[TorqueScript: C++]Old scripting language conversion

Question

[TorqueScript: C++]Old scripting language conversion

marauder2k7 opened this issue 2 months ago · comments

I am currently converting torquescript to use antlr instead of bison-flex

Almost everything is working well so far:

The original scripting language had functions built in for returning a specific token based on certain criteria and i am having trouble figuring out how to do this as they will require different parser rules.

i have this ID token

ID : LETTER IDTAIL*;

in the original code it would call into a function with this:

{ID}        { return Sc_ScanIdent(); }

static int Sc_ScanIdent()
{
   ConsoleBaseType *type;

   CMDtext[CMDleng] = 0;

   if((type = ConsoleBaseType::getTypeByName(CMDtext)) != NULL)
   {
      /* It's a type */
      CMDlval.i = MakeToken< int >( type->getTypeID(), lineIndex );
      return TYPEIDENT;
   }

   /* It's an identifier */
   CMDlval.s = MakeToken< StringTableEntry >( StringTable->insert(CMDtext), lineIndex );
   return IDENT;
}

IDENT and TYPEIDENT have different parser rules for them so was curious if this type of behavior can be replicated?

target C++

Ken Domino · Answer 1 · Thu Apr 18 2024 21:39:50 GMT+0800 (China Standard Time)

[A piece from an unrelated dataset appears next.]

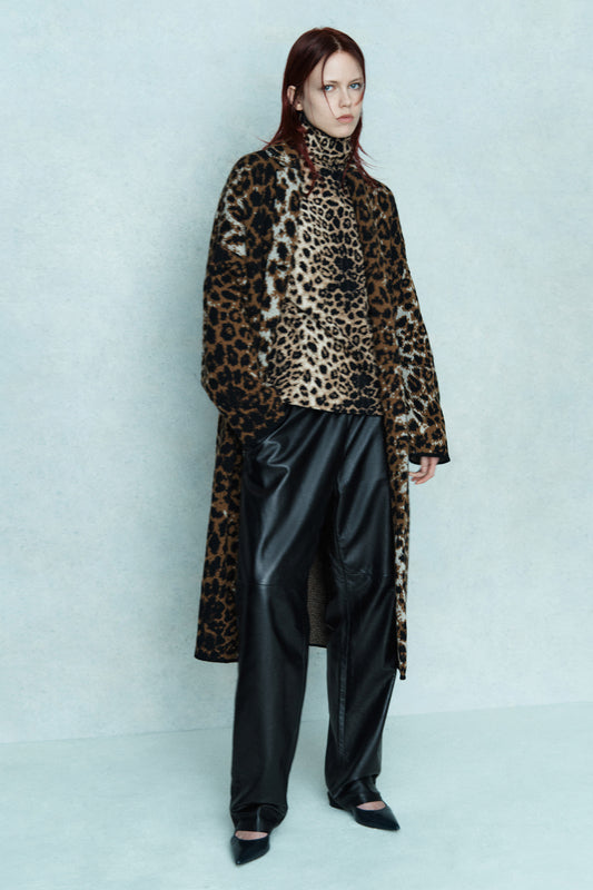 This unlined coat features a wool blend animalier jacquard fabric with side welt pockets. Designed in an oversized fit with dropped shoulders, it falls below the knee. Crafted from 80% wool and 20% polyamide for durability and comfort.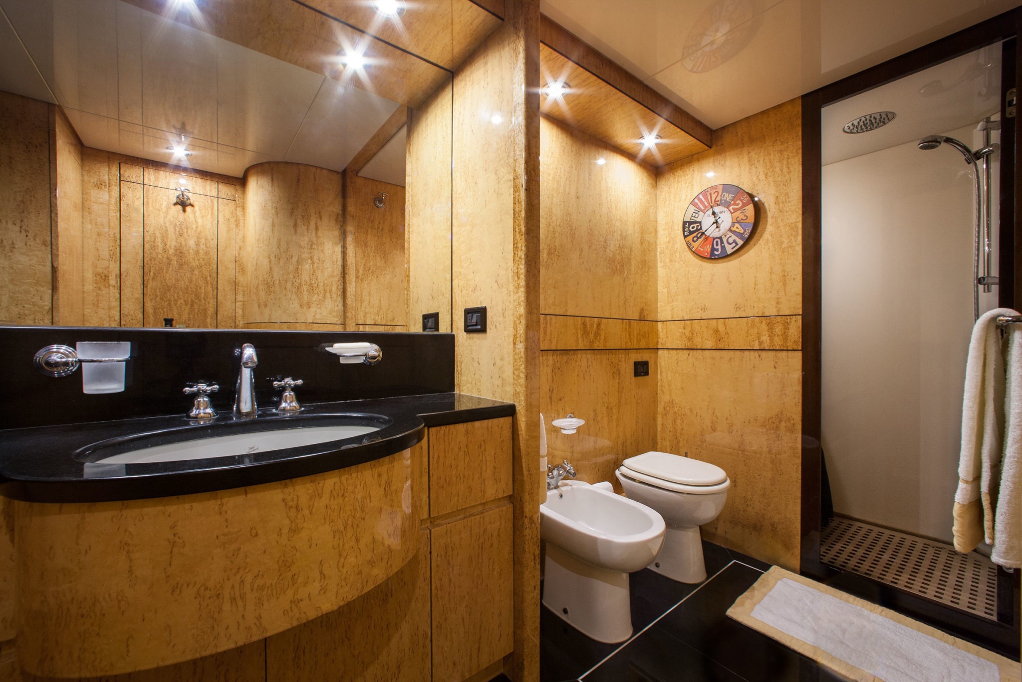 The spacious aft salon places the six-seater formal dining area at the front and behind, three sofas placed around a coffee table on the starboard-side ensure that guests can enjoy excellent views in air-conditioned comfort.

This isn't handled well in Antlr because the lexer is independent from the parse. This is why I've been advocating parser-state aware lexers for Antlr5. This is an example of why this may be useful.

The alternative is to parse the input twice, once to collect definitions in a symbol table, the second time to reference the symbol table during the parse.

marauder2k7 · Answer 2 · Fri Apr 19 2024 23:23:33 GMT+0800 (China Standard Time)

no worries, thanks for your reply, this is really something we need since we add a lot of tokens at runtime. Will keep a watchful eye on antlr5 though.